An online poll of over 1,500 parents of public school K-12 students conducted from Aug. 29 to Sept. 2 by the National Parents Union (NPU) — a woman-led organization made up of parent advocacy groups — found that 78 percent of parents who want their children to have cell phones say they do in case of an emergency at school. Fifty-eight percent of such parents want their children to have cell phones so they can get in touch with them or learn their whereabouts when needed while 48 percent say cell phones help them coordinate transportation to and from school with their children. Nearly as many say children need mobile devices to communicate about their mental health or other needs.
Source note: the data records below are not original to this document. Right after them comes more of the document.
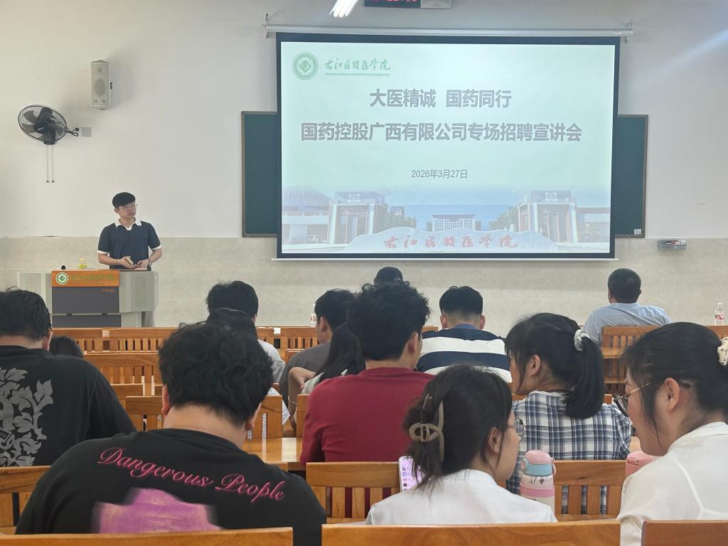 为深化校企合作,助力毕业生实现高质量就业,3月27日上午,药学院携手国药控股广西有限公司,在右江民族医学院百东校区守正楼C-105教室顺利举办专场宣讲招聘会。药学院2026届部分毕业生及2027届全体毕业生参加本次宣讲会。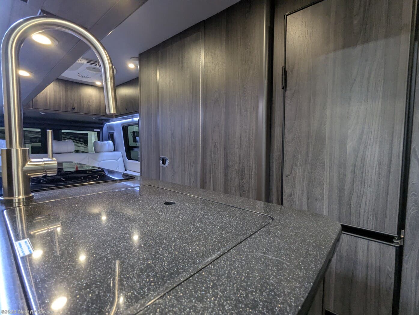 - Fully Equipped Galley & Wet Bath bringing full-home convenience to van-life with premium appliances, solid surface counters and a modern shower.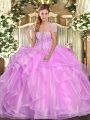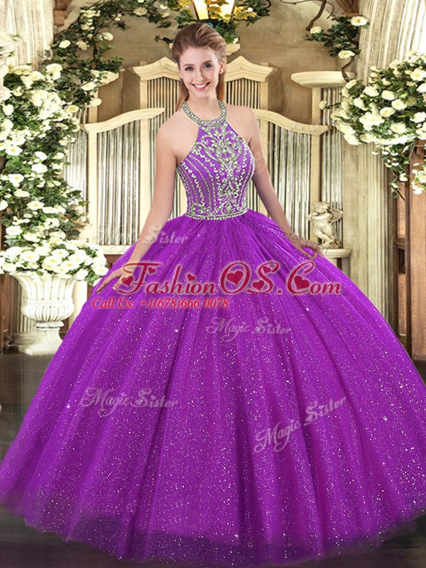 Fuchsia Ball Gowns Beading Sweet 16 Dresses Lace Up Tulle Sleeveless Floor Length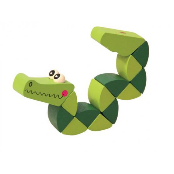 Дървеното крокодилче е класическа дървена играчка с подвижни елементи, свързани с плътен ластик помежду им. Това осигурява гъвкавост на елементите и устойчивост на връзката. Детето може да огъва и подрежда цветните триъгълничета, така че да създава различни 3D фигури. Играчката спомага за развитието на фантазията, пространствената ориентация, логическото мислене и фината моторика при най-малките.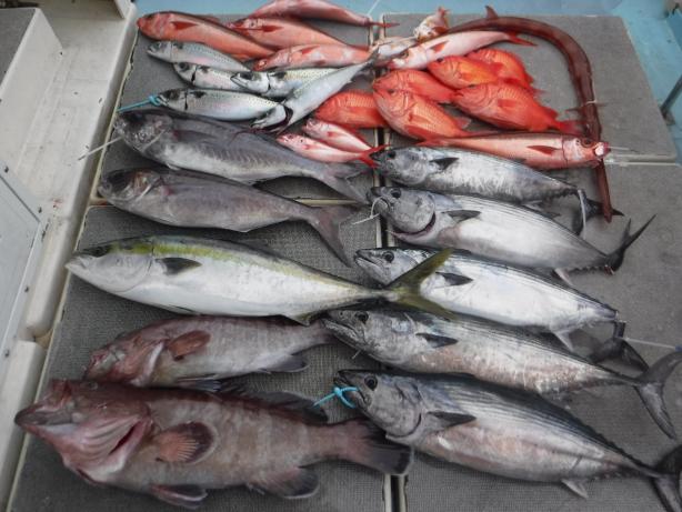幸丸では、キハダマグロ・カツオ・カンパチ・マハタ・ケンサキイカ、その他青物、根魚を季節に合わせて、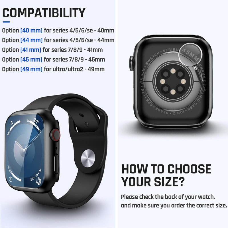 - 【Waterproof Case】The apple watch case 44mm use waterproof treatment, effectively prevent moisture in daily life from entering between the case and the watch screen, not affect your iWatch touch sensitivity. Fits for most kinds of indoor and outdoor sports. NOTE:the waterproof area is limited to the screen, not the sides of the watch. a little moisture may be trapped between the case and the watch gap, just wipe with a soft cloth or wipes.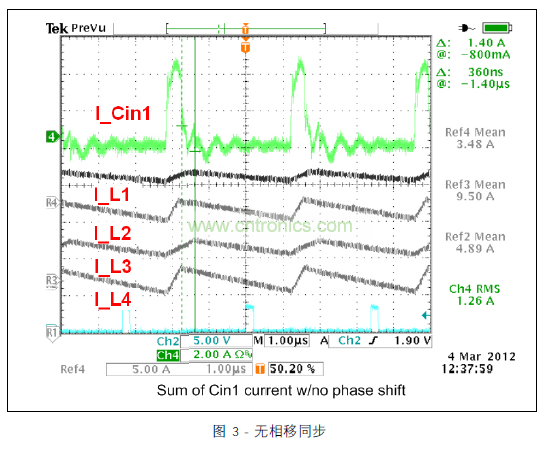圖 3 顯示的范圍圖片涵蓋所有四個開關(guān)階段中的電感器電流與去耦合通道 1 的輸入電容器的脈沖電流。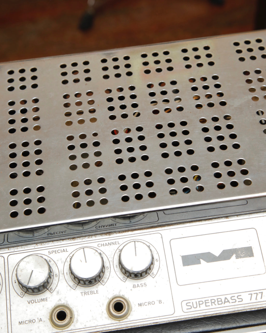 Here's a cool vintage bass amp! This Meazzi Super Bass 777 is a 4x10", 2-channel bass amplifier combo made in Italy.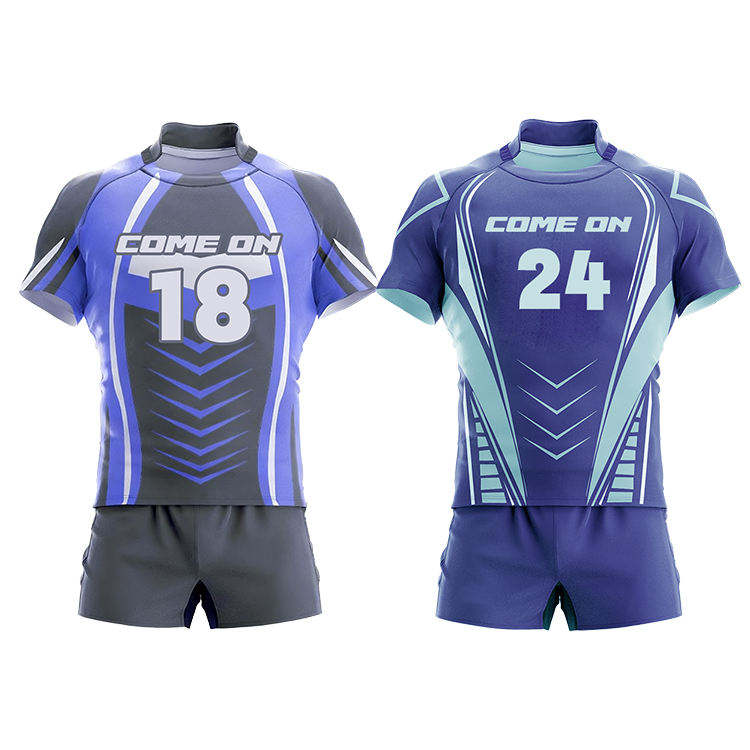 Customized Logo Rugby Uniform Classic Polo-Style Athletic Jersey Set Adjustable Size Stripe Printed Collared Modern Sublimation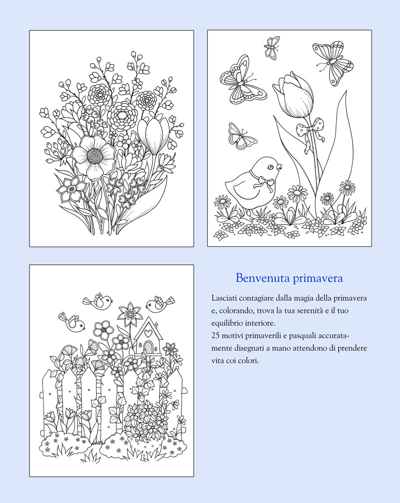 Benvenuta primaveraLasciati contagiare dalla magia della primavera e, colorando, trova la tua serenità e il tuo equilibrio interiore.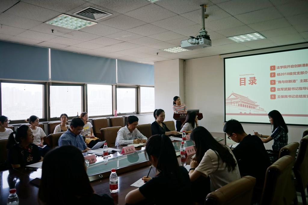 首先,全体参会人员观看了由拼搏首页(中国)网页版党员制作的视频“入驻创新港,奔向新征程”,了解法学研究院内涵建设情况。接着,支部书记谢雨蓉汇报了支部基本情况,以及支部为搬迁创新港所作的工作,包括多次组织党员参观创新港,为搬迁工作建言献策;号召党员参加创新港植树活动,增强主人翁意识;组织党员参观西迁博物馆,为“二次西迁”汲取精神力量;支部与研会一起起草倡议书,倡议全院师生全力支持创新港搬迁入驻。

Jaquetta Lee, a mother of two and an urban farmer in Detroit, is not one of the parents pushing for her school-age child to use his cell phone during the school day. Detroit Public Schools prohibits use of cell phones during class, and Michigan lawmakers have introduced legislation to require districts to develop policies limiting use of the devices. Lee said the phone-free trend has her complete support.

“You don’t need a phone at school,” said Lee, who is active in the NPU. “It’s less concentration, it’s less focus. I’m dealing with a child who has inattentive ADHD, so I need for him not to be on certain devices to keep his head focused.”

She gave her son, a ninth grader, his first cell phone when he was in seventh grade, but Lee has urged him to use the device sparingly. She has explained to him the danger of media addiction, which has helped him understand why he should limit his time on the phone, Lee said. Instead of staring at a screen, he listens to Miles Davis, takes long bike rides and plays card games like Uno with his family, Lee said.

At Camhi’s district, the PTA organized a “game day” last spring, where students put away their devices and played hopscotch and punchball and jumped rope.

Her district is also giving students media literacy training, where they learn to distinguish fact from fiction online and how social media platforms populate users’ feeds based on their apparent interests.

“When you learn to drive, you take a driver’s test before you’re ever allowed to drive a car. Somehow we hand kids a $1,500 device with no security and no instruction and no understanding, and that opens up a tremendous world out there that can be great or it can be dangerous and harmful,” Camhi said.

For Scelfo, however, the challenge goes beyond educating kids. It includes enlisting adults to intervene and stop tech companies from perpetuating youth dependence on media.

“What we know is a product designed to be as addictive as possible. We adults are addicted. I’m addicted. Almost no adult can help themselves when they start using social media,” Scelfo said. “At the same time, I think the responsibility lies with us adults to ensure that our children…grow up without being exploited by a handful of companies for profit.”